The NFL season kicked off last weekend and although the league has a testosterone-filled, gladiator-type reputation, it has the most gentle environmental impact of all other sports. There’s a simple reason of course: There are so few games that the fans can’t produce as much waste.

Although many teams have made changes to reduce the carbon footprint of sporting events as The New York Times reported last month, the simple fact is a lot of waste is produced by each sporting event:

The researchers essentially calculated the total energy and resource use associated with the match — from energy use and food and drink consumption to travel and waste generation — and then estimated the area of land that would be required to support such resource consumption. How much hypothetical land was needed to produce the food, absorb the emissions and otherwise provide for the 2004 Football Association Cup final in Britain? Roughly 3,000 hectares, or 7,400 acres — or about one-quarter of Manchester United’s namesake city.

As I mentioned in the running diary kept last March on my environmental impact from one day (I went to a Celtics game that day), some venues are better than others, but one place where a lot of waste occurs is in the actual production of physical tickets.

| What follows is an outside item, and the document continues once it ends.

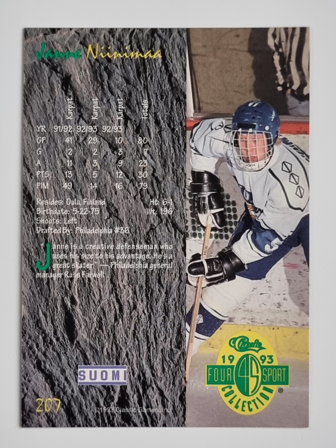 1993 Classic Four Sport #207 Janne Niinimaa1,00 € Rupture de stock Catégorie : Hockey Étiquette : Janne Niinimaa Description Description Set: 1993 Classic Four Sport Player: Niinimaa, Janne Sports: Hockey, Multisport Card Number: #207 Manufacturer: Classic/Scoreboard Brand: Classic Four Sport Produits similaires 2008-09 Collector’s Choice #72 Jason Arnott 1,00 € Ajouter au panier 1994-95 Donruss #31 Peter Bondra 1,00 € Ajouter au panier 1994-95 Donruss #230 Dave Ellett 1,00 € Ajouter au panier 1994-95 Donruss Ice Masters #2 Sergei Fedorov 3,00 € Ajouter au panier

When the NBA tips off in late October, patrons in Denver, Houston and Cleveland and a couple other cities won’t be using physical tickets anymore. The Cavs have been using the system for season-ticketholders since 2006 and now everyone entering the game can just use a credit card or driver’s license that will be scanned to confirm their ticket. It makes it easier to transfer tickets, cuts down on scalping and most of all reduces the waste put into producing tickets. The “Flash Seats” system replaces Ticketmaster – and considering Ticketmaster’s reach and contracts with other pro teams, I wondered if local pro teams would be looking into such a system. No reply was given by the folks at Fenway (their green guru is on maternity leave), but the ticket folks at the TD Garden and Gillette Stadium graciously answered.

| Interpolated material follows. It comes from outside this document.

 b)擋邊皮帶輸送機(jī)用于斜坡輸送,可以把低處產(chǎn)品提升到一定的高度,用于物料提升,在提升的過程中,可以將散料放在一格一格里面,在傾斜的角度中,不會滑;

“While a ticketless entry system for season-ticket holders is one of the amenities we have explored for the future, any new program we implement also has to integrate easily into the greater Gillette Stadium environment that also includes another professional team and various other events,” New England Revs spokeswoman Lizz Summers wrote in an e-mail to Lights Out, Green In.

Summers went on to explain how grey water is used for facility urinals and restrooms, wind energy powers the stadium and all bottles and cans are recycled at the stadium and in the offices. Heather Walker, the PR director for the Celtics, also said the TD Garden isn’t set up for a ticketless system at this time.

That leaves New England with just one pro team using the ticketless entry and that team is on the outer edges of the region, the WNBA’s Connecticut Sun in Uncasville, CT. An AP article details exactly how the system works and has fans and team officials hailing it as a success.

“We want to be cutting-edge,’’ Sun GM Chris Sienko said. “We also want to simplify things for ourselves. Plus, you’re going green and you’re saving money on printing costs of a paper ticket.’’ By going paperless, Sienko estimates, the Sun will save between $13,000 and $15,000 in printing costs this season.

One can only hope that the news makes its way to Boston.

Sure, you’ll lose that perfect game memento – a ticket stub. But with tickets being printed out from printers or on generic Ticketmaster stubs, the stub has already lost some of its luster. I’m sure it can be replaced with some e-memento that can be stored on your computer. Is it the same? No. But all these wasteful acts we ignore can really add up. Either we change or the generations after us will have a lot more than lost mementos to worry about. The climate crisis will be in full tilt. That’s not something we should play games with.